6. Sample Phrase Practice

Practice writing wise responses.

Situation A

A parent says, “My teenager is out of control. Can you meet with him privately and straighten him out?”

Wise response:



Situation B

A spouse says, “Please do not tell anyone, but I am afraid at home.”

Wise response:



Situation C

A vulnerable adult says, “My caregiver gets angry when I ask for help, but please don’t say anything.”

Wise response:



Situation D

A church member says, “I need you to take my side before I talk to the pastor.”

Wise response:




7. Referral and Escalation Discernment

Which concerns require immediate help, escalation, or consultation?

Check all that apply:

☐ Suicidal language
☐ Threats of violence
☐ Abuse disclosure
☐ Danger to a minor
☐ Danger to a vulnerable adult
☐ Domestic violence concern
☐ Medical emergency
☐ Serious intoxication or overdose concern
☐ Predatory behavior
☐ Trafficking concern
☐ Someone asking for prayer before a routine conversation
☐ A person feeling lonely after church
☐ A minor requesting secret communication
☐ A spouse afraid to go home
☐ A caregiver admitting they might hurt someone

Write the name or role of the person you should contact first in your church structure when safety concerns arise:



8. Next Faithful Step

Before serving in family or vulnerable-person care, I need to:

☐ Learn my church’s child/youth safety policy
☐ Learn my church’s vulnerable adult policy
☐ Ask how abuse concerns are reported
☐ Ask how domestic violence concerns are handled
☐ Ask who supervises chaplain care conversations
☐ Ask about appropriate meeting locations
☐ Ask about texting and communication boundaries
☐ Build a referral list with church leadership
☐ Identify my own trigger areas
☐ Schedule a conversation with a pastor, elder, deacon, or care leader

My next faithful step is:



Target date:



9. Closing Prayer

Lord Jesus, give me wisdom, humility, and courage as I serve families and vulnerable people.
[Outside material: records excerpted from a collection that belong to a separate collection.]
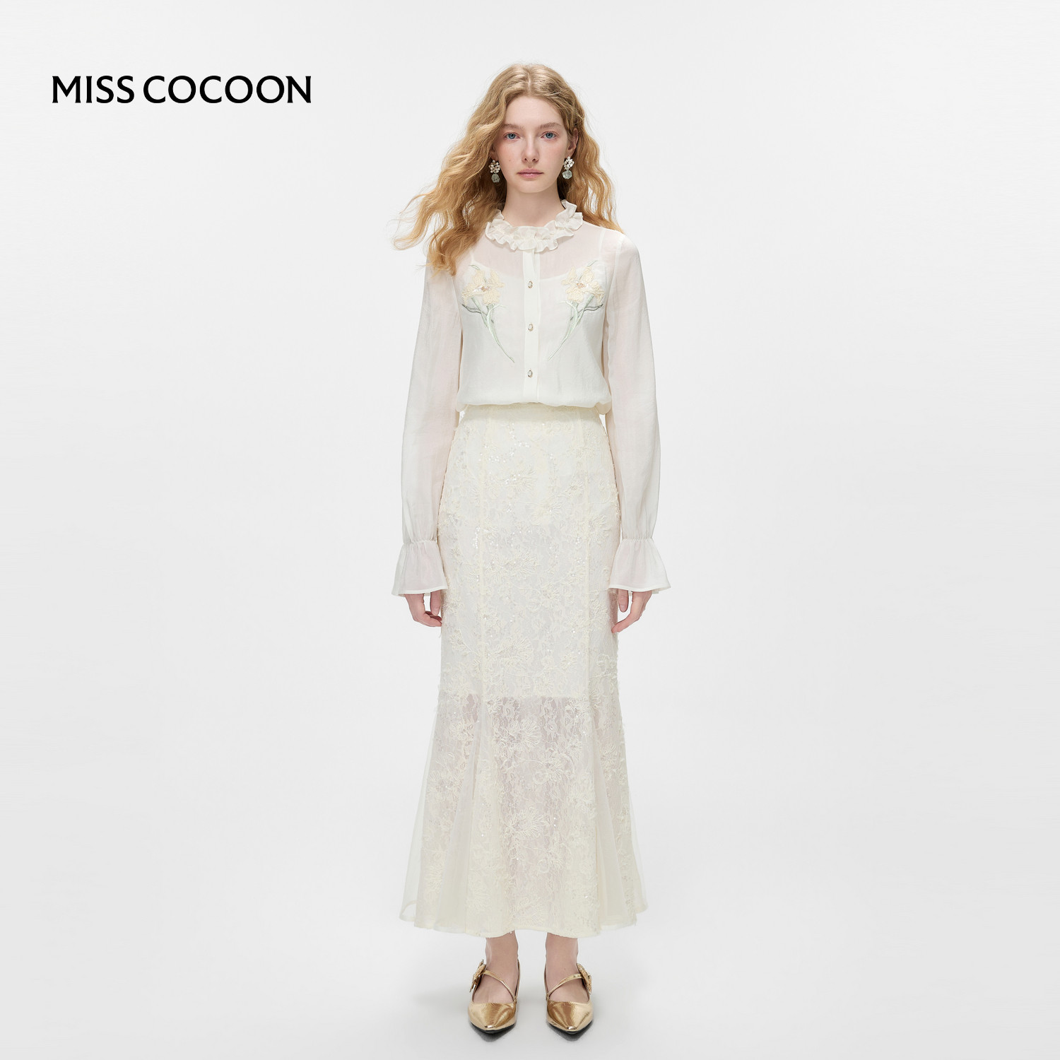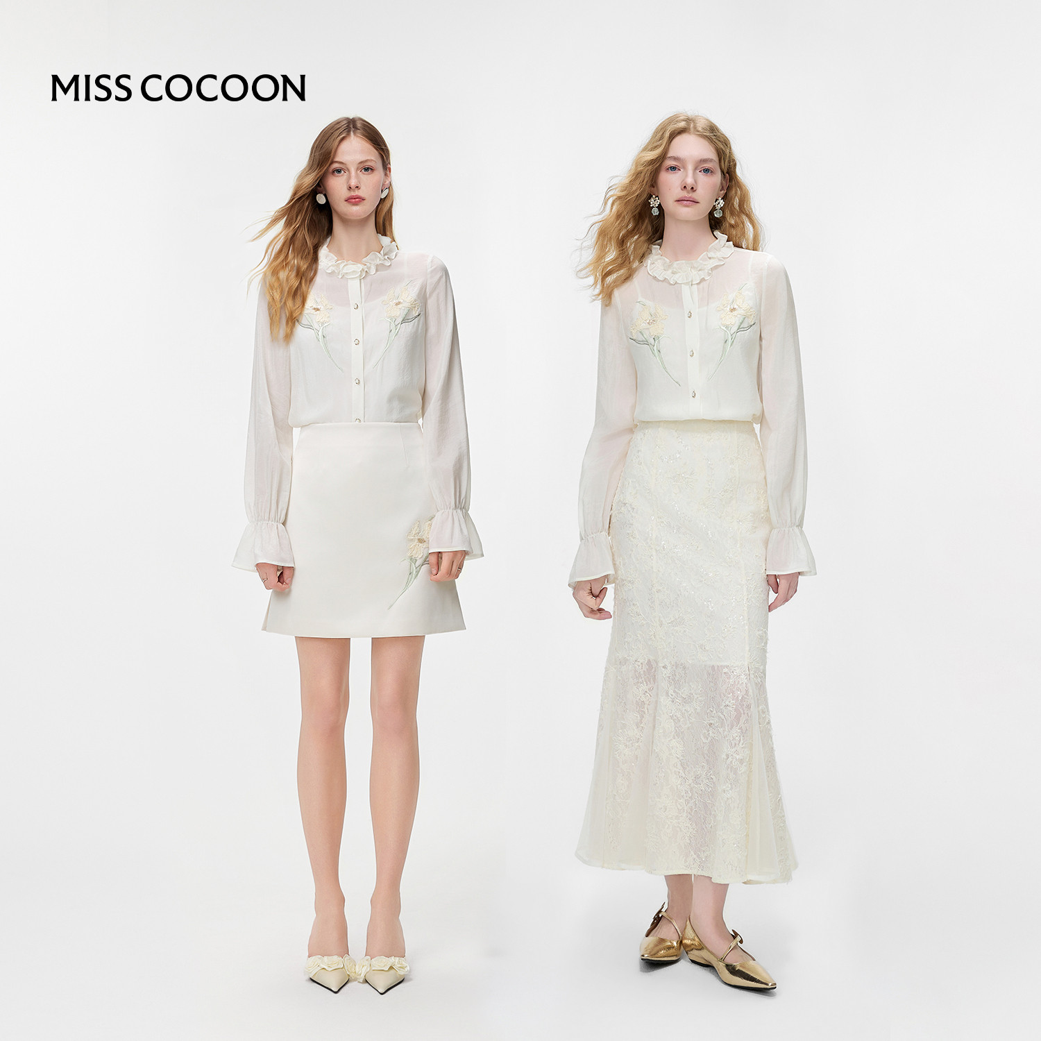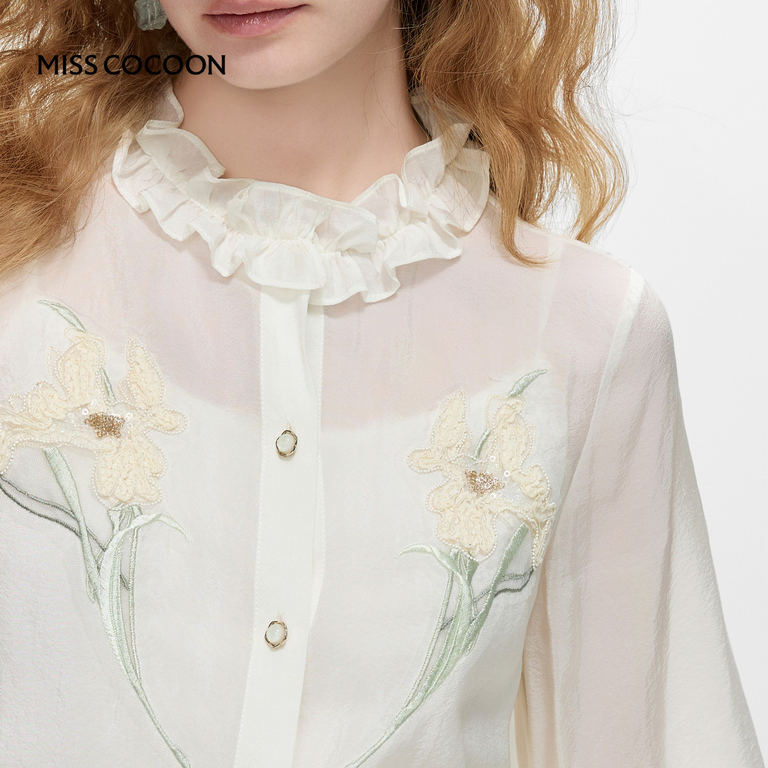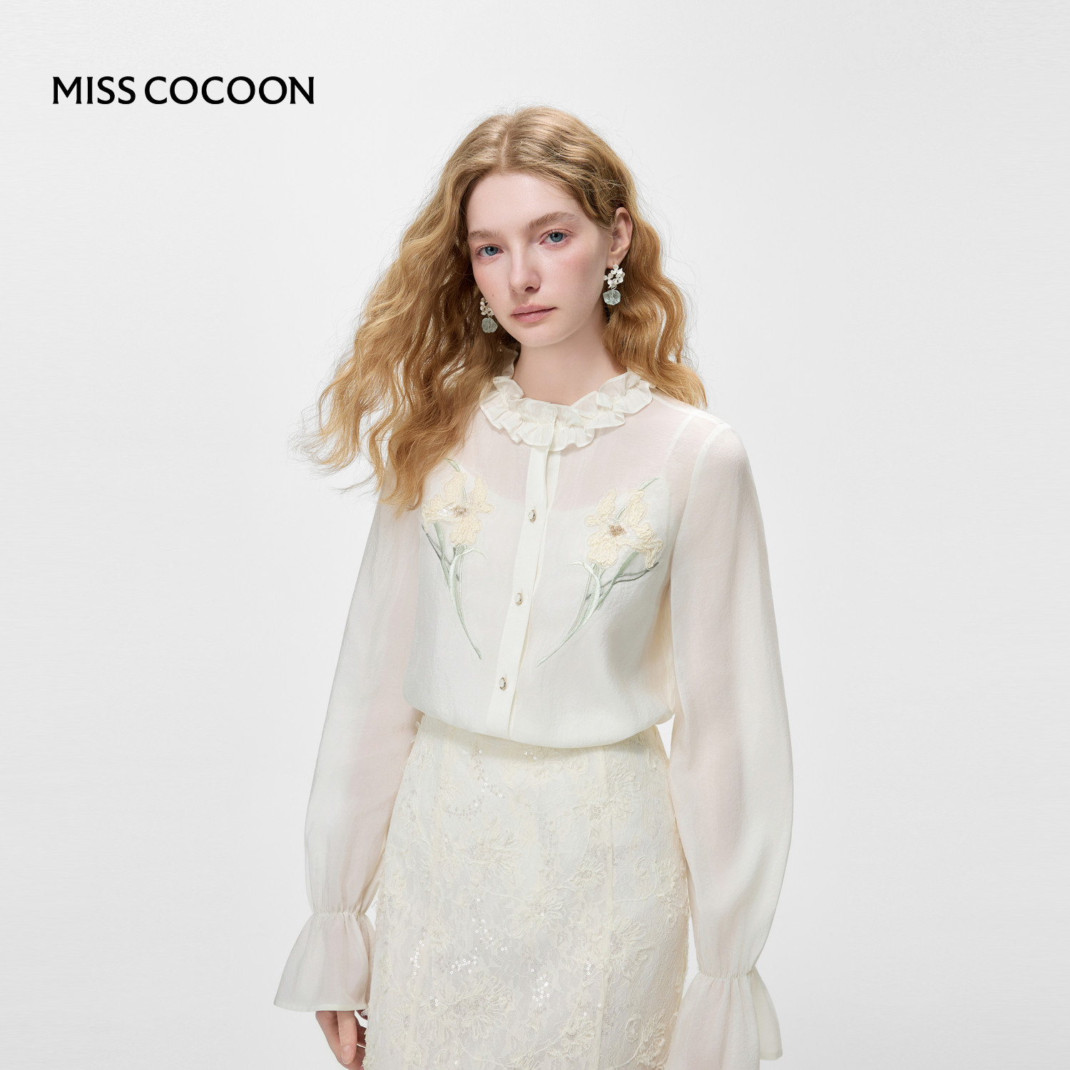 MISSCOCOON可可尼荷叶边雪纺衫女2026春季新款新中式盘花刺绣上衣
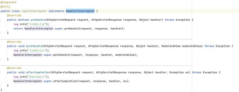 首先需要一个类去继承HandlerInterceptor接⼝,并重写其所有⽅法,这里的方法分为三个,一个是pre(执行代码前),一个是post(执行代码后),一个是after(渲染结束后),只有当pre里面我们写的代码执行成功之后,返回一个true,才会执行其他的下一步操作
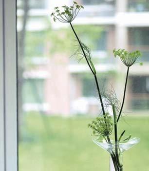 用花裝點家,不需要濃烈的顏色,純粹、淡雅的白、粉、綠就可以,復雜的插花技藝,層層疊疊的插花手法會打亂恬淡的心情,簡單素雅的插花才適合這個季節的窗邊風景。
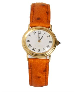 ZENITH Solo tempo in oro giallo anni '90 misura donna Diametro 31 mm Cassa ovale a gradini con sviluppo orizzontale, quadrante con indici a numerazione romana serigrafata, lancette a bastone smaltate. Movimento a carica manuale. An yellow gold only time 90's woman size
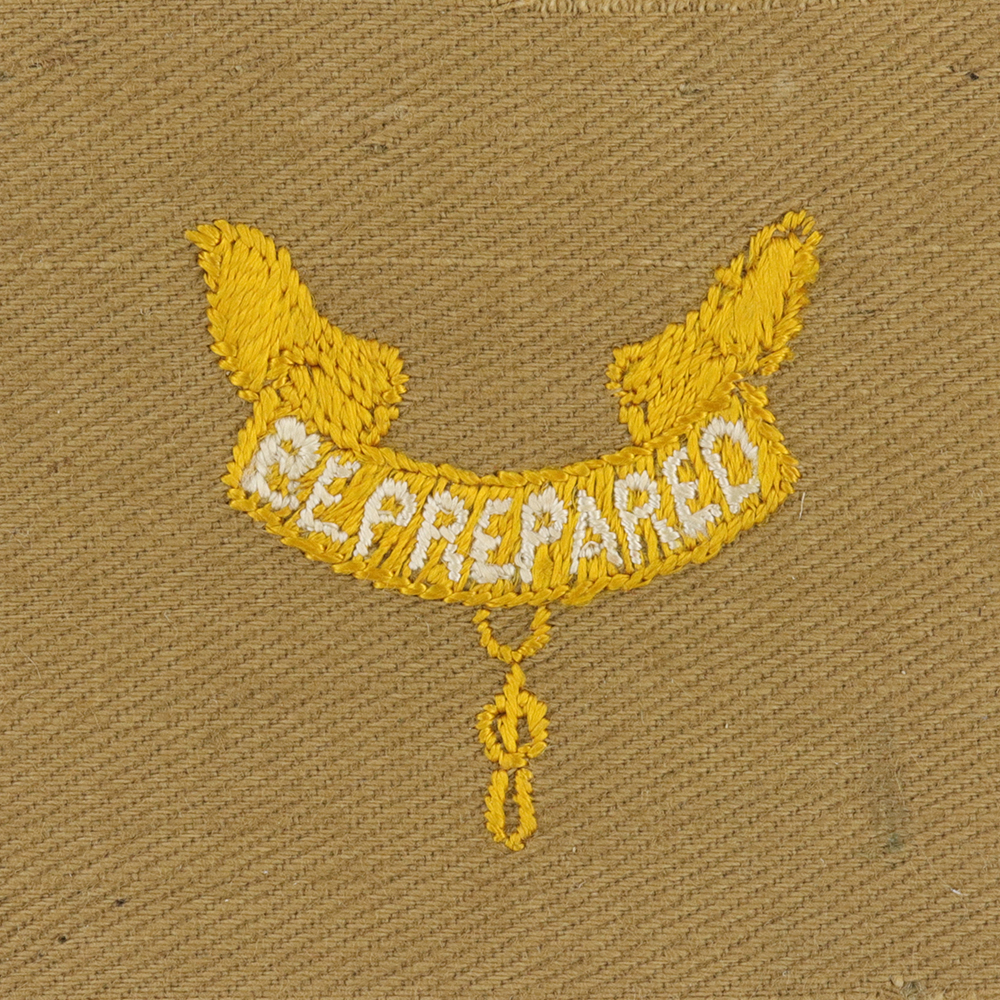 - Tan Lightweight Cloth with Cotton Lockstitch Embroidery and Plain Back 1939 - 42
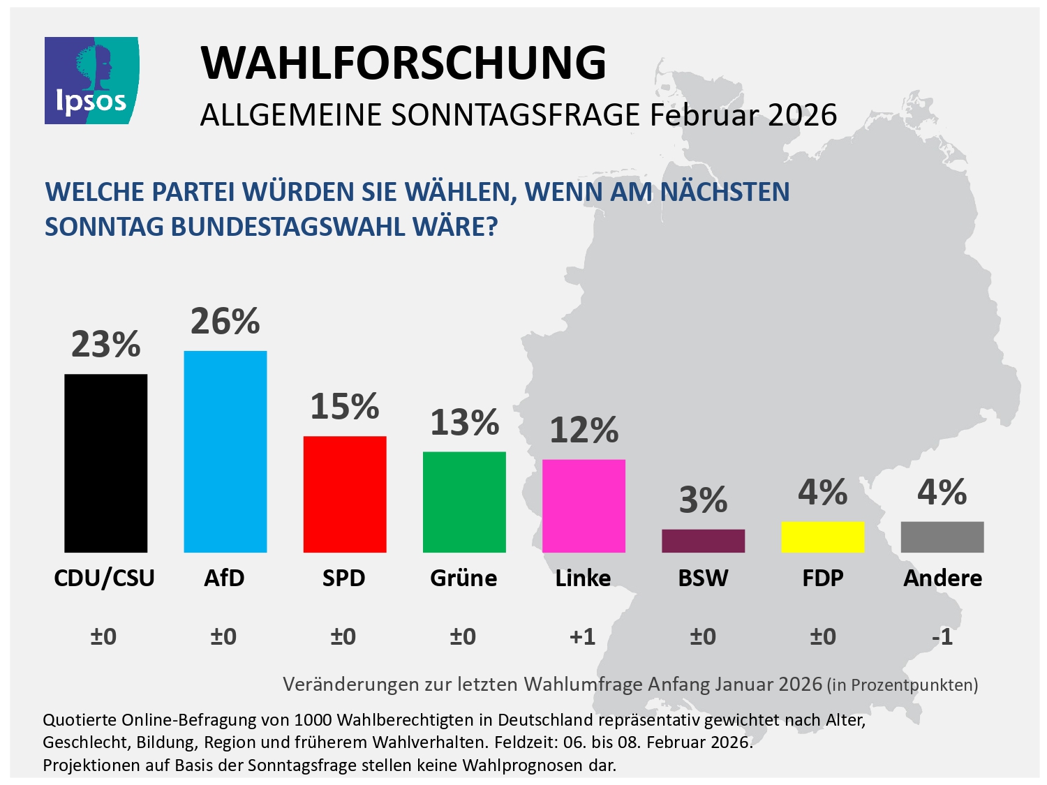 Diese Wahlumfrage (Sonntagsfrage) zur Bundestagswahl wurde von Ipsos in eigenem Auftrag durchgeführt und am 16.02.2026 insbesondere bei ipsos.com und ipsos.com (jpg) veröffentlicht. Die Online-Befragung fand zwischen dem 06.02.2026 und dem 08.02.2026 bei 1000 Wahlberechtigten statt.

Help me listen with compassion without taking over. Help me recognize my own reactions and submit them to you. Teach me to protect dignity, honor safety, follow proper care pathways, and stay within my role. Make me steady, gentle, and truthful. Help me serve your church in a way that brings care, not confusion; protection, not secrecy; and hope, not control. Amen.